Dataset records
================================

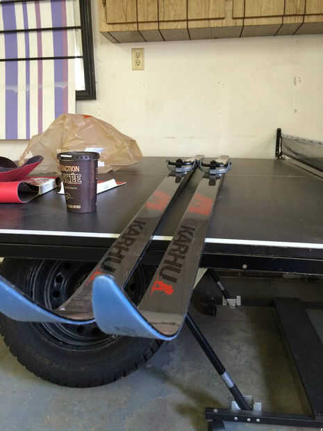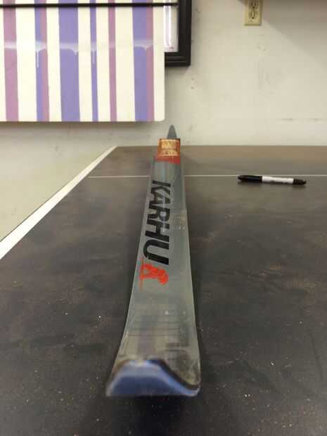 Mida sus esquís de la extremidad hacia abajo dondequiera a partir 20" 26" de la energía del resorte buena. Corté en 23,5" desde la punta.
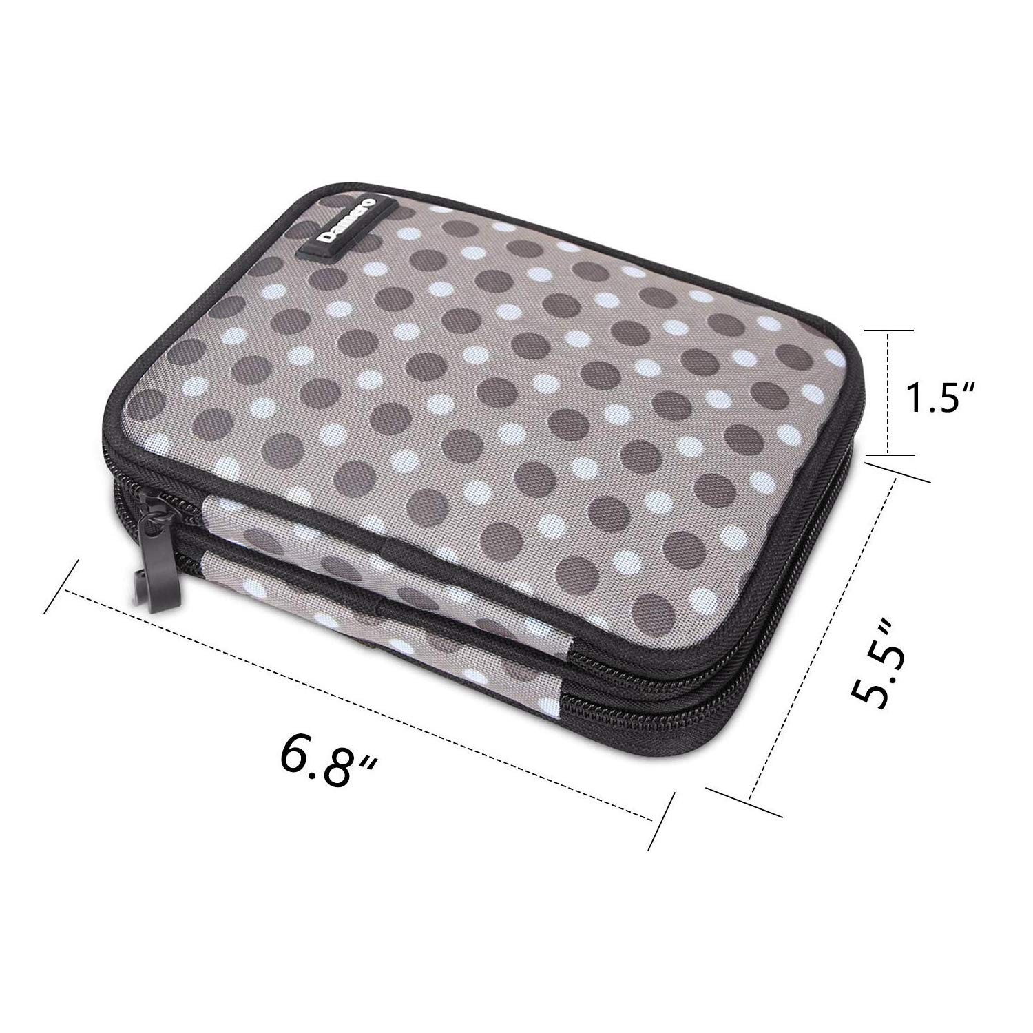 Crochet Hook Case, Organizer Zipper Bag with Web Pockets for Various Crochet Needles and Knitting Accessories, Well Made and Easy to Carry, Medium, Gray Dots (No Accessories Included) LARGE CAPACITY: This Crochet Hook Organizer Case can fit for ergonomic crochet hooks, aluminum crochet hooks, bamboo crochet hooks. COMPACT AND ORGANIZED: 3 mesh pouch could hold your accessories, like stitch marker, tape, yarn labels, scissors, knitting gauge, etc. SMART DESIGN: Top flap and bottom slots prevent different crochet hooks from falling out. PREMIUM QUALITY: The crochet case is made of premium nylon material. Well inner padded semi-flexible cushion offers excellent protection for your crochet hooks and accessories. EASY TO CARRY: Box design will not take up too much space in your backpack or purse. Perfect for travelling or crocheting everywhere, like the airport, a park, home or work.
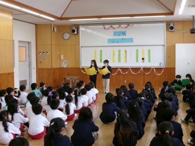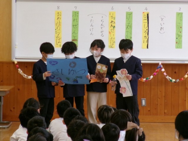 1年生は、今までの学習でできるようになったことを発表したり、いろいろな授業や休み時間の様子を分かりやすく紹介したりしました。
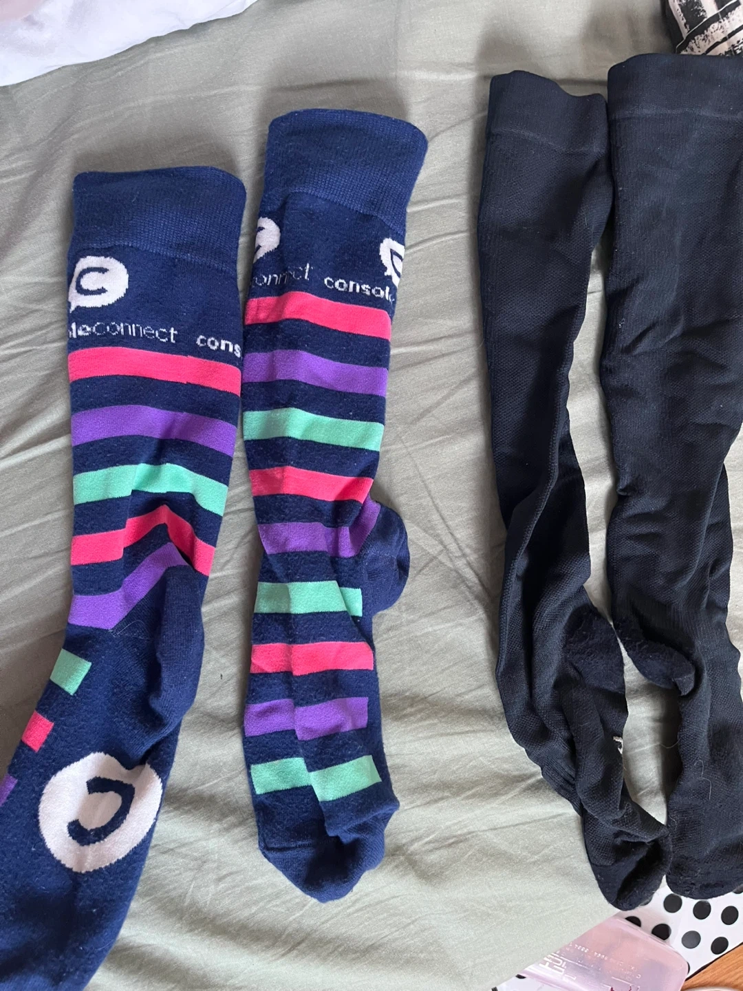 Comes with a pair of black, navy blue knee-high socks featuring colourful stripes and a logo. Also includes a pair of plain navy blue knee-high compression socks. Perfect for everyday wear or athletic activities!
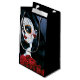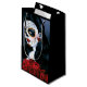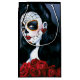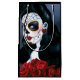 Portrait of a woman wearing a sugar skull day of the dead make-up with red roses in a backdrop of blue grey
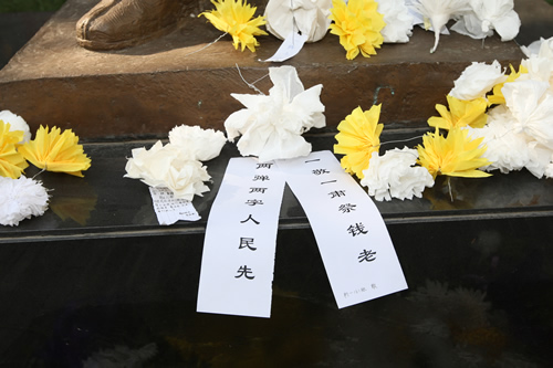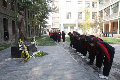 巨星陨落,举国痛惜。我校师生自发组织各种悼念活动,11月3日,初一年级同学们收看了关于钱老生平的纪录片。 钱老高尚的爱国主义精神,积极创新的精神和自强不息几十年如一日默默奉献的精神,深深触动了同学们。同学们将自己亲手制作的朵朵白花满怀深情摆放在钱学森雕像前,祭奠前辈,表达无比崇敬和无限哀思。随后同学们参观了钱学森纪念馆,缅怀为我们留下了无数精神财富的老校友,同学们表示要以钱学森学长为榜样,努力成才,报效祖国。

================================

All lines above between the line that contains "Comes with a" and the last line of the entries, both included, must be transcribed exactly. No pictures are to appear.

TASK SOLUTION ▸
 Comes with a pair of black, navy blue knee-high socks featuring colourful stripes and a logo. Also includes a pair of plain navy blue knee-high compression socks. Perfect for everyday wear or athletic activities!
 Portrait of a woman wearing a sugar skull day of the dead make-up with red roses in a backdrop of blue grey
 巨星陨落,举国痛惜。我校师生自发组织各种悼念活动,11月3日,初一年级同学们收看了关于钱老生平的纪录片。 钱老高尚的爱国主义精神,积极创新的精神和自强不息几十年如一日默默奉献的精神,深深触动了同学们。同学们将自己亲手制作的朵朵白花满怀深情摆放在钱学森雕像前,祭奠前辈,表达无比崇敬和无限哀思。随后同学们参观了钱学森纪念馆,缅怀为我们留下了无数精神财富的老校友,同学们表示要以钱学森学长为榜样,努力成才,报效祖国。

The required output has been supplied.